Mayank Shrivastava, a professor from Indian Institute of Sciences (IISc) Bangalore, has become the recipient of Swarnajayanti fellowship 2020-21, and is now working on applications of emerging materials that can help computers mimic functions that the brain can perform rapidly.
This will help computers perform cognitive functions, identify people from a crowd, distinguish smell as well as learn and make decisions.
Advanced computing systems have been using von Neumann architecture, which uses physically separated processing and memory blocks.
It has been the most cost effective approach till date and the physical separation of memory from the processing blocks has become the rate limiter for pushing the computational capabilities of advanced nanoelectronic systems.
Research to understand the fundamental mechanisms of the brain and explorations of various novel memory architectures is now giving the engineering community confidence that developing systems that can mimic brain-like function is an achievable goal for the coming decades. A key element of such an architecture is a memory device called the artificial synapse, which, however, must work on biological or synaptic principles.

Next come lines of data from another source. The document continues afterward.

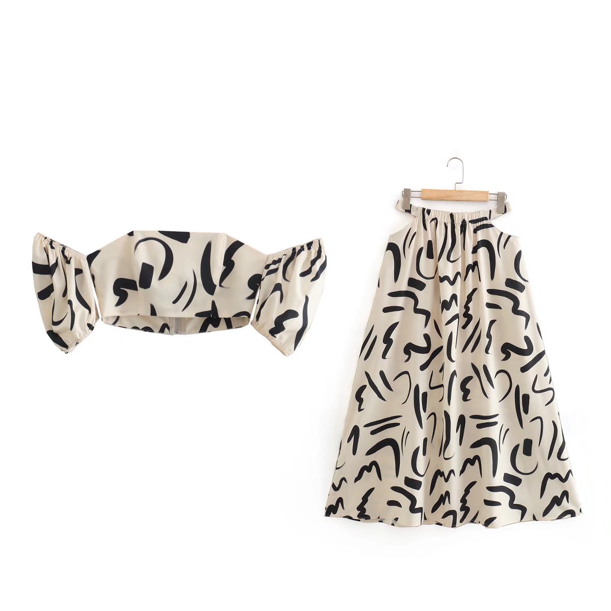 Hollow Out Waist Flare Skirt Graffiti Print Strapless Tops Set
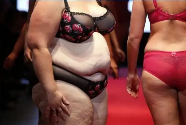 Надоело смотреть на плоскогрудых вешалок, шагающих по подиуму? Только этот показ коллекций нижнего белья и одежды от ведущих модельеров специально для вас. Во время Pulp Fashion Week в Париже новинки моды демонстрировали тучные непрофессиональные модели. Как вам?
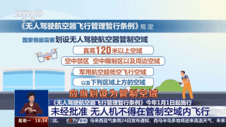北京航空航天大學航空專家 《航空知識》主編 王亞男:《無人駕駛航空器飛行管理暫行條例》對于無人機使用的空域作出了明確規(guī)定,真高120米以上空域、限制飛行的空域等,劃設為管制空域。無人機違規(guī)采集影像等數(shù)據(jù)可能危害國家安全,無人機“黑飛”或造成不可估量經(jīng)濟損失。
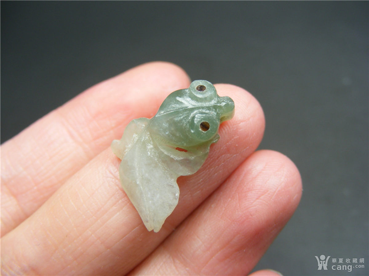 48几十年的老坑A货冰种飘绿翡翠眼睛点黑彩小金鱼坠
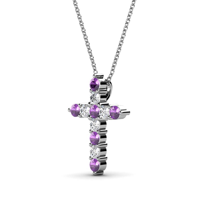 Amethyst and Diamond Womens Cross Pendant Necklace 0.55 ctw 14K White Gold.Included 18 Inches 14K White Gold Chain More Details ...

Neumann’s architecture has failed in real-time processing of information that the human brain can process in a fraction of a second. Keeping these gaps in mind, an alternative architecture, inspired by the organization of neurons (processing unit) and synapses (memory) in the human brain that emulates brain-like computing behaviour, have been explored significantly in the last decade.

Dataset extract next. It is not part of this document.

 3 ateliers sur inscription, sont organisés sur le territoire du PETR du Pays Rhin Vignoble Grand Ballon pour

Professor Srivastava is exploring materials like Gallium Nitride (GaN), atomically thin two-dimensional materials like Graphene, and Transition metal dichalcogenides (TMDCs), for various electronics, power devices, electro-optic, Thz, memory, and quantum applications.
Using Graphene and 2D-TMDCc, he is extending capabilities of memory devices to work on biological or synaptic principles and bridge the gap between biological neural networks and their artificial counterpart along with his research group, he is developing few-atom thick neuromorphic circuits, GaN-based ultra-high-power devices with high reliability, and devices/circuits for operation at THz frequencies.